| A bit of a misunderstanding |
|
I went to a house in the Huddersfield area this morning, quite near to home, which was fortunate as it happens, on an appointment booked for me by the love of my life. The only information she gave me was that the client wanted a damp and timber survey carried out in a three bedroom house. I arrived at the appointed hour and knocked on the door; and then I knocked again; and again. Eventually, a sleepy-eyed young lady peeped around the door at me and asked me what I wanted. And before your mind wanders too far down that path, Im much too old to give the sort of snappy answer that would end up in serious delays to my schedule.

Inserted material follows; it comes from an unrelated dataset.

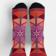 This funky mandala design features red, pink, and blue in a cartoon style. Trippy geometric visuals for the modern hippie or lover of vibrant colours!

You wanna survey what? Somewhat more prosaically, I explained I was there to carry out the requested survey and apologised for waking her (well, it was eleven oclock). She didnt seem to know what I was talking about, and so I told her to wait while I contacted the client, which I did on my phobile moan. He asked to talk to the lady and within ten seconds she was smiling at me and ushering me into the parlour. I have no idea what he said to her but it turns out she was one of three tenants living in the house: perhaps he was particularly persuasive. Anyhow, I had a look around the house, checked the loft, first floor beds and ground floor rooms, as you do. There werent any timber problems but those with dampness were acute, and the source of the moisture was a complete no-brainer. The house itself was a 1930s, stone and brick, ex-local authority mid terrace; and it had PVCu double-glazing installed. Both of the fireplaces had been sealed; all of the air-vents in the walls were blocked; and water was literally running down the windows. The central heating was on, washing was drying over the radiators, three firemen were practising hosepipe drill (actually, I made that bit up) and the relative humidity was at least forty points higher inside the house than it was outside. To complete the picture, there were tropical-like colonies of black mould on every external wall, particularly in the corners.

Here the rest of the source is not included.